Detail Kegiatan Bunda

Meningkatkan Kualitas Interaksi Anak dan Orang Tua melalui Literasi Emosional

📅2025-07-31 📍PENDOPO KECAMTAN BULUKERTO 🏷️Sosialisasi / Penyuluhan 👥90 peserta
Ny. Suyati — Kecamatan Kecamatan Bulukerto

Kegiatan Sosialisasi Jam Intan ( Jam Interaksi Positif Anak) di Kecamatan Bulukerto merupakan upaya strategis dalam membangun kedekatan emosional antara orang tua dan anak melalui interaksi positif tanpa penggunaan gawai. Program unggulan Pokja I TP PKK ini menekankan pentingnya waktu khusus setiap hari untuk menguatkan komunikasi dan pengasuhan yang sehat, sebagai bagian dari pengembangan literasi emosional dalam keluarga. Dengan demikian, orang tua didorong untuk aktif mendengarkan, berdialog, dan berbagi pengalaman bersama anak, yang menjadi fondasi penting dalam membentuk karakter dan pola asuh positif. Ini merupakan waktu harian khusus, biasanya 1-2 jam tanpa gawai, yang diisi dengan kasih sayang dan interaksi positif, seperti mengobrol atau bermain bersama, untuk memperkuat kharakter anak.
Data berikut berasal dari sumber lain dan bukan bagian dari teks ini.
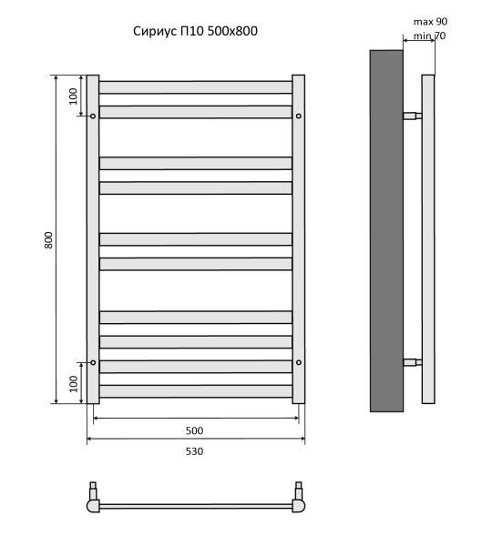 Полотенцесушитель водяной Aquatek (Акватек) Сириус П10 500х800 мм, черный муар, подключение нижнее/диагональное, сверхпрочная пищевая нержавеющая сталь AISI 304L, гарантия 10 летХарактеристики:Dх30х10,без фитинговКомплектация:полотенцесушитель;

  • Tujuan Utama: Meningkatkan kualitas hubungan orang tua dan anak, mencegah anak dari pengaruh negatif, dan membangun pola asuh positif.
  • Aktivitas: Orang tua meluangkan waktu khusus untuk berinteraksi penuh perhatian (tanpa gangguan HP/pekerjaan) untuk mengobrol, mendengarkan cerita, mendampingi belajar, atau bermain.
  • Fokus Pokja I: Program ini digalakkan oleh Pokja I PKK (bidang Penghayatan dan Pengamalan Pancasila) sebagai bagian dari pengasuhan anak yang sehat.

Sosialisasi Jam Intan gencar ditindak lanjuti disosialisasikan oleh TP PKK Desa/Kelurahan Se-Kecamatan Bulukerto, seperti Kelurahan Bulukerto, Desa Krandegan, Desa Ngaglik, Desa Domas dan Desa-desa lainnya di Kecamatan Bulukerto untuk mendukung ketahanan keluarga. Melalui sosialisasi yang dilaksanakan di Pendopo Kecamatan Bulukerto dan didukung oleh TP PKK Desa/Kelurahan se-Kecamatan Bulukerto, program ini memperkuat ketahanan keluarga dengan meningkatkan kemampuan warga belajar dalam mengelola interaksi keluarga secara sehat dan bermakna. Pendekatan literasi emosional ini sekaligus menjadi landasan dalam mencegah pengaruh negatif serta memperkuat budaya komunikasi yang efektif di lingkungan rumah tangga. Kegiatan ini dipandu oleh Bunda Literasi, Dra. Djuwarijah, M.Si, yang memberikan wawasan serta motivasi dalam mengimplementasikan Jam Intan sebagai bagian dari pengasuhan anak yang berkualitas.